Most of the debts are owed by its subsidiaries and associated firms, and there is a risk they would be unable to pay them off, the Ministry of Finance said.
A Song Da official who asked not to be named told VnExpress that the company has been struggling to sign new contracts, which has affected its recent results.
Its revenues fell by 35 percent in 2018 to VND6.3 trillion ($271.8 million), while profits plummeted by 40 percent to VND333 billion ($14.4 million).
The ministry said some projects that Song Da invested VND3.5 trillion ($151 million) in years ago have yet to fetch returns.
They include the Nam Chien Hydropower Plant in the northern Son La Province and the Viet Lao Power Jsc, which was established to create a power partnership between the governments of Vietnam and Laos.

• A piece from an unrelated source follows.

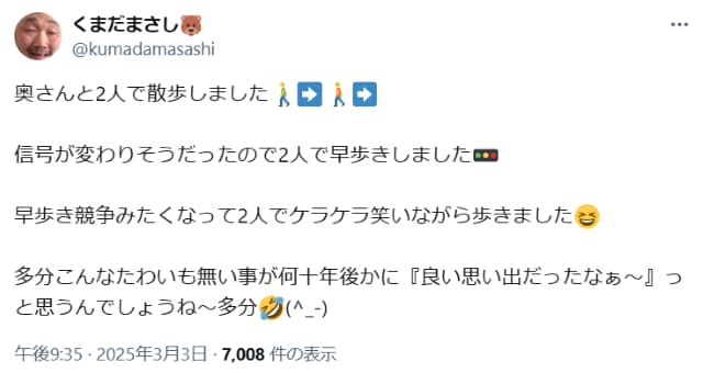 「奥さんと2人で散歩しました。信号が変わりそうだったので2人で早歩きしました。早歩き競争みたくなって2人でケラケラ笑いながら歩きました。多分こんなたわいも無い事が何十年後かに『良い思い出だったなぁ〜』っと思うんでしょうね〜多分(^_-)」と綴った。これには、一部のファンから「羨ましい!」「素敵なお話」といったくまだ夫妻のラブラブな様子が少し話題となっている。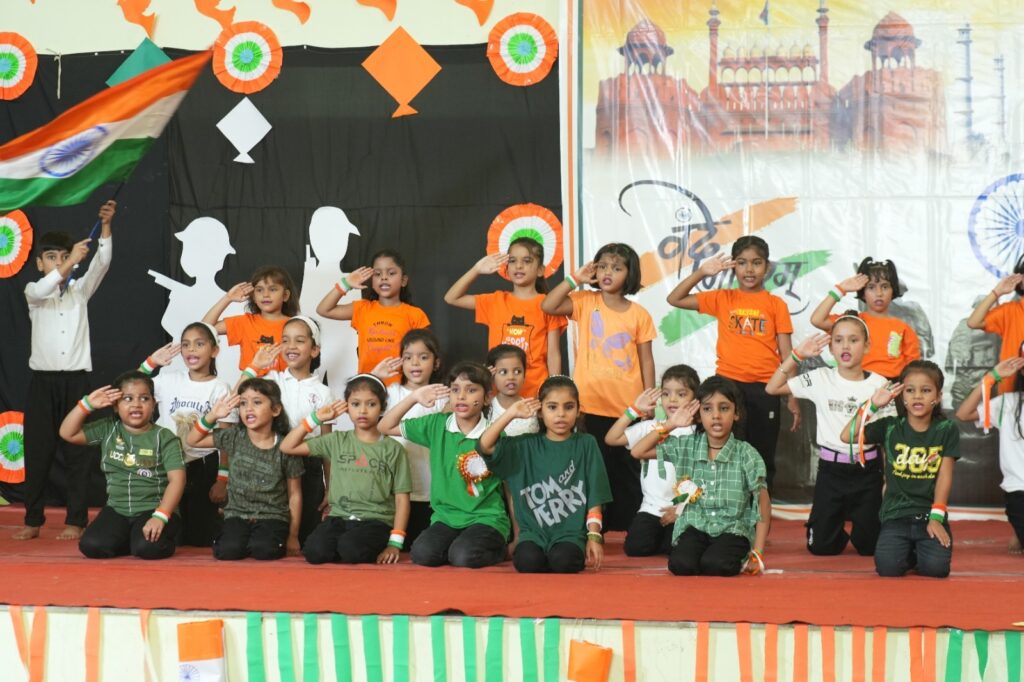 तथा देश तरक्की की राह पर है। माला गुप्ता के निर्देशन में कक्षा 11 की छात्राओं ने बंगाली गीत तथा कक्षा 7 की छात्राओं ने राष्ट्रभक्ति गीत प्रस्तुत किया। प्रधानाचार्य ने मुख्य अतिथियों को चेयरमैन श्री विमल कृष्ण अग्रवाल एवं निदेशक श्री नीलांशु अग्रवाल और उपप्रधानाचार्या मीनाक्षी शर्मा ने शैक्षणिक प्रमुख वाई0के0 सिंह कोे वुकेट प्रदान कर वैज लगाया। गौरव शर्मा ने प्रधानाचार्य को वुकेट प्रदान किया। कोऑर्डिनेटर शशि शर्मा व रिधिमा थरेजा ने उपप्रधानाचार्या जी को वुकेट प्रदान कर वैज लगाया। कार्यक्रम का प्रारंभ दीप प्रज्जवल के साथ विद्यालय के निदेशक नीलांशु अग्रवाल व प्रधानाचार्य, उपप्रधानाचार्या एवं शैक्षणिक प्रमुख की उपस्थिति में हुआ। कक्षा 6 के छात्र-छात्राओं ने एक देशभक्ति गीत प्रस्तुत किया। ’तन-मन से अपने देश की सेवा करेंगे हम। कार्यक्रम की प्रस्तुति मनोहरी थी, जिसमें भारत माता व वीर जवानों को दर्शाया गया। कक्षा 4 व 5 के विद्यार्थियों ने राष्ट्रभक्ति गीत पर आर्केस्ट्रा की मनभावक प्रस्तुति दी। विद्यालय के निदेशक नीलांशु अग्रवाल ने सभी को स्वतंत्रता दिवस की बधाई देते उन क्रांतिकारी वीरों को याद किया, जिनके बलिदान स्वरूप आज हम आजाद है उन्होनें देश की अनेकता में एकता की चर्चा की। उन्होनें कहा कि आज हमारे अन्दर प्रेम भक्ति का जज्बा नहीं हैं, अवश्यकता है उसे जगाने की। उन्होनें विद्यार्थियों को उनके कर्तव्यों की याद दिलाई। कक्षा 1 के छात्रों द्वारा केसरिया परिधान सफेद परिधान व हरें परिधान मंे पैरोडी प्रस्तुत की। कक्षा 6 के छात्रों ने मिसाइल का मॉडल प्रदर्शित किया। भारत की विविधता के अंतर्गत कश्मीर, राजस्थान, बंगाल, यूपी, गुजरात, पंजाब की एक झलक प्रस्तुत की गई। इस कार्यक्रम ने दर्शकों को भारत की सैर करा दी, कार्यक्रम की प्रस्तुतियों ने सभी का मन मोह लिया।

One of Viet Lao Power’s projects, the Xekaman 3 Power Plant in Laos’ southeastern Sekong Province, stopped operating in December 2016 due to technical problems.
The project’s debt to equity ratio is now 3.75, implying great risks, the ministry said.
Song Da Corp was established by the government in 1961 and has since been the main builder of major power plants in Vietnam, including the 2,400 MW Son La Hydropower Plant in Son La Province, the largest in Southeast Asia.
The company sought to go private in 2018, but has been unable to find buyers despite organizing several auctions, and the state still owns over 99 percent.